2. The Preeminence of Christ in the Church
Paul starts off in verse 18 by discussing Christ’s function as head of the church. Dr. Augustus Neander says, “The Church is His body by virtue of His entering into communion corporeally with human nature.” This proves the idea that Paul wants his readers to know that Christ exercises his authority in the universe through the church. In verse 18, Paul notes that he is the firstborn from among dead meaning that he is the only to rise from dead and die no more (as opposed to Lazarus who died a second after being raised form the dead in John 11) so that, once again Christ might have supremacy and preeminence in all things thus proving that Christ is sovereign over the living as well as the dead.
In verse 19, Paul explains that it pleased God for his fullness to dwell in his son, Jesus. When you read this verse you must read it in correlation to John 3:34-35 and Matthew 28:18:
“For he whom God has sent utters the words of God, for he gives the Spirit without measure. The Father loves the Son and has given all things into his hand.” – [John 3:34-35 ESV]
“And Jesus came and said to them, “All authority in heaven and on earth has been given to me.” – [Matthew 28:18 ESV]
The father has given all things, including the church, into Christ’s hand and he has all power and all authority.
Verse 20 is the culmination of all this, “..that he might reconcile all things …by making peace through his blood.” Everything that Christ does through the church it is so that all things might be reconciled unto Himself through the shedding of His blood. I found the Apologetics Study Bible enlightening on this verse.

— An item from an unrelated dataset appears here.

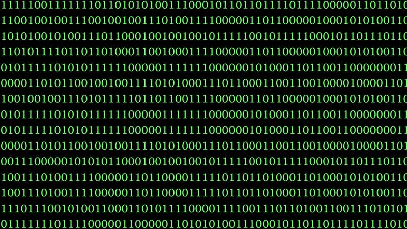 This abstract background showcases a series of green binary numbers arranged in a matrix format, representing digital data visually. Pro Video

“This passage does not teach universalism (all will be saved) but instead points forward to Messiah’s quelling all rebellion, bringing lasting peace to the universe. The “reconciliation” here entails a pacification of evil powers (as 2:15 makes clear).” – The Apologetics Study Bible
In the commentary for Colossians 2:15 the Apologetics Study Bible says:
No contradiction exists here between Paul’s statement that the principalities and powers have been defeated and his assumption elsewhere that the powers are still virulently active and that believers need to fight against them (e.g., Eph 6:12). The cross of Christ is the point of decisive victory over the powers of evil; believers can now be victorious over them through their union with Christ. They will be vanquished once and for all at the end of the age. – The Apologetics Study Bible
There are two realms in which this reconciliation operates: the present and in the future. The present blessing of reconciliation is that you’ve been adopted into the family of God and you are made a co-heir with Christ according to Romans 8:17. The future blessing of reconciliation is that evil work and every power and principality will be obliterated and we (the Church) will enjoy the presence of Christ and be eternally consummated to Him. If you’re wondering about the past blessing of reconciliation it’s this: there is none because the blood of Jesus Christ has washed away your sinful past. The only thing that matters is your present and your future.